(Saved data entries)
********************

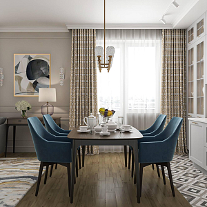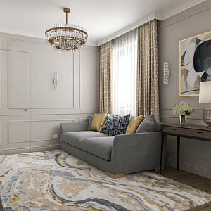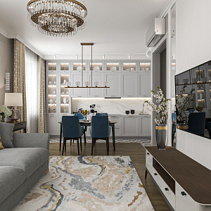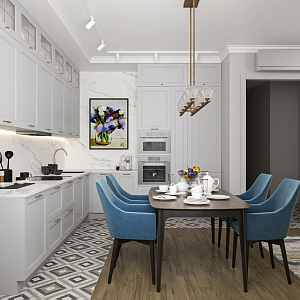 Интерьер с зонированием, без дверей, проходной, проемом, open space, переговорной и порогом в современном стиле, проект «3-х комнатная квартира для семьи с двумя детьми» №9
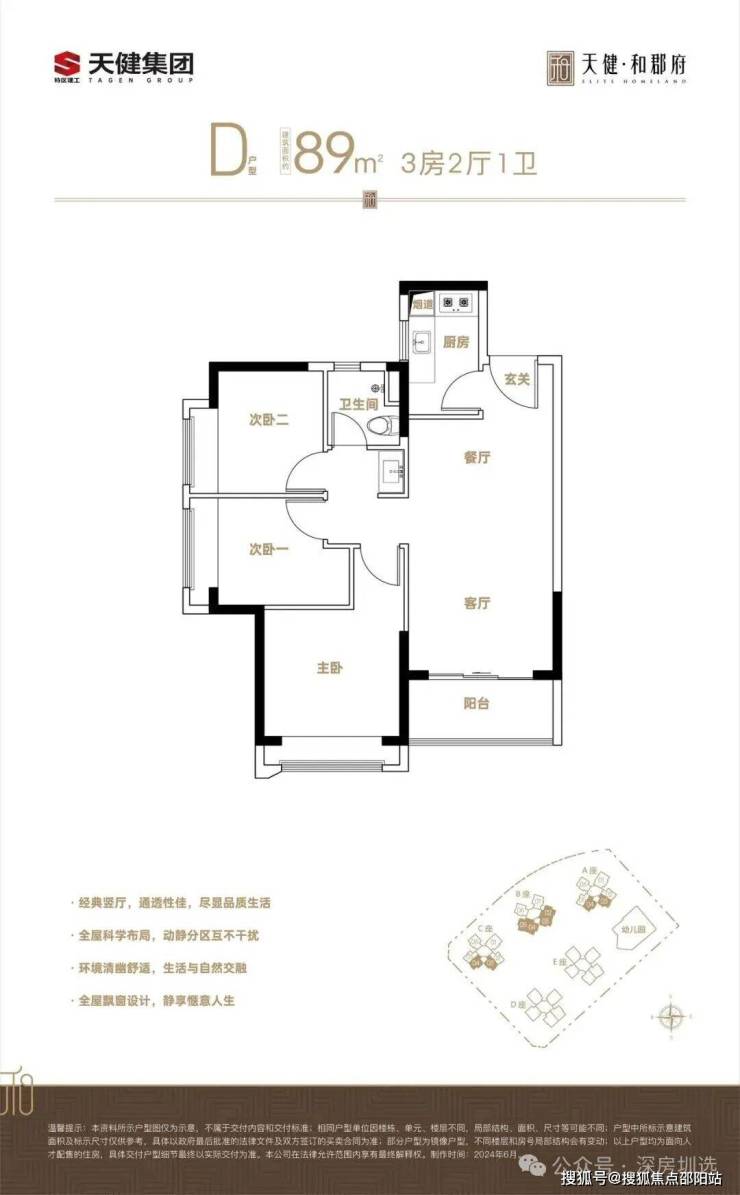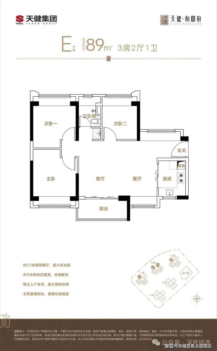 天健和郡府,匠心打造建面约89㎡ 超配3房,以方正格局、实用玄关、宽境阳台等设计巧思,为每一个家庭构筑品质舒居生活。
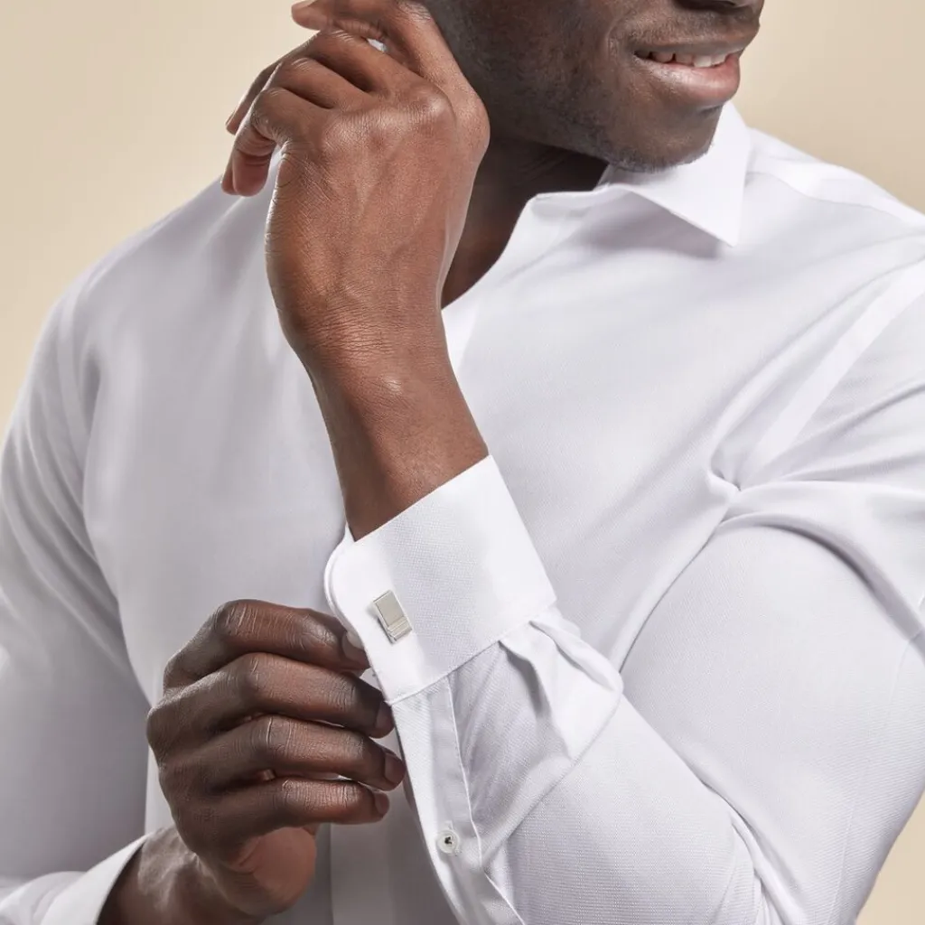 Boutons De Manchette Acier Blanc Rectangles Double Coche
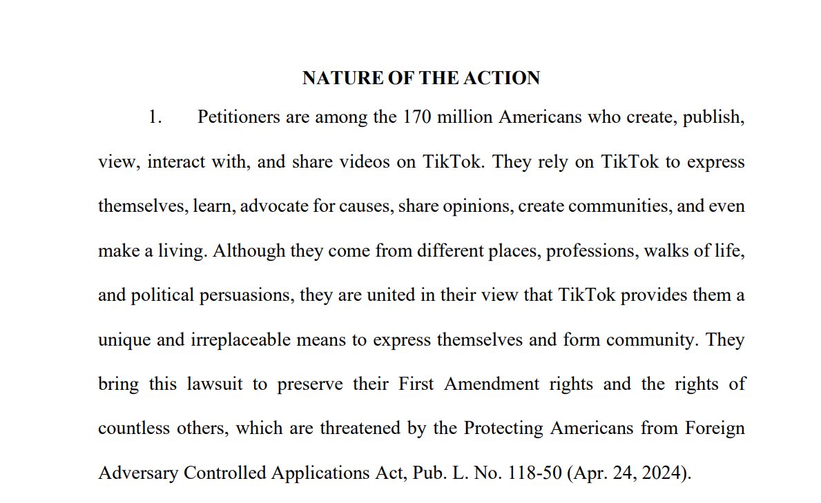 这些请愿者是1.7亿在TikTok上创作、发布、观看、互动和分享视频的美国人之一。他们依靠TikTok来表达自己、学习、倡导事业、分享观点、创建社区,甚至谋生。
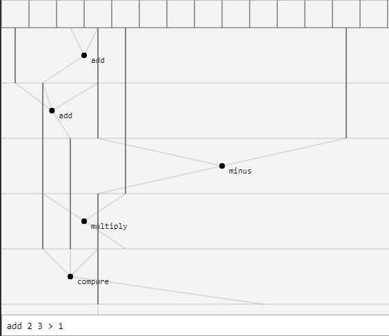 Diagram Syntax label <input[]> > output Examples add 1 3 4 > 5 mul 10 2 > 1 Diagram does not do anything more than display of graph such as calculation.

********************

◆ HOW TO COMPLETE THIS TASK: The copy starts at the line holding "天健和郡府,匠心打造建面约8" and ends at the last line of the records above. Transcribe those lines exactly, pictures excluded.

◆ WRITTEN SOLUTION:
 天健和郡府,匠心打造建面约89㎡ 超配3房,以方正格局、实用玄关、宽境阳台等设计巧思,为每一个家庭构筑品质舒居生活。
 Boutons De Manchette Acier Blanc Rectangles Double Coche
 这些请愿者是1.7亿在TikTok上创作、发布、观看、互动和分享视频的美国人之一。他们依靠TikTok来表达自己、学习、倡导事业、分享观点、创建社区,甚至谋生。
 Diagram Syntax label <input[]> > output Examples add 1 3 4 > 5 mul 10 2 > 1 Diagram does not do anything more than display of graph such as calculation.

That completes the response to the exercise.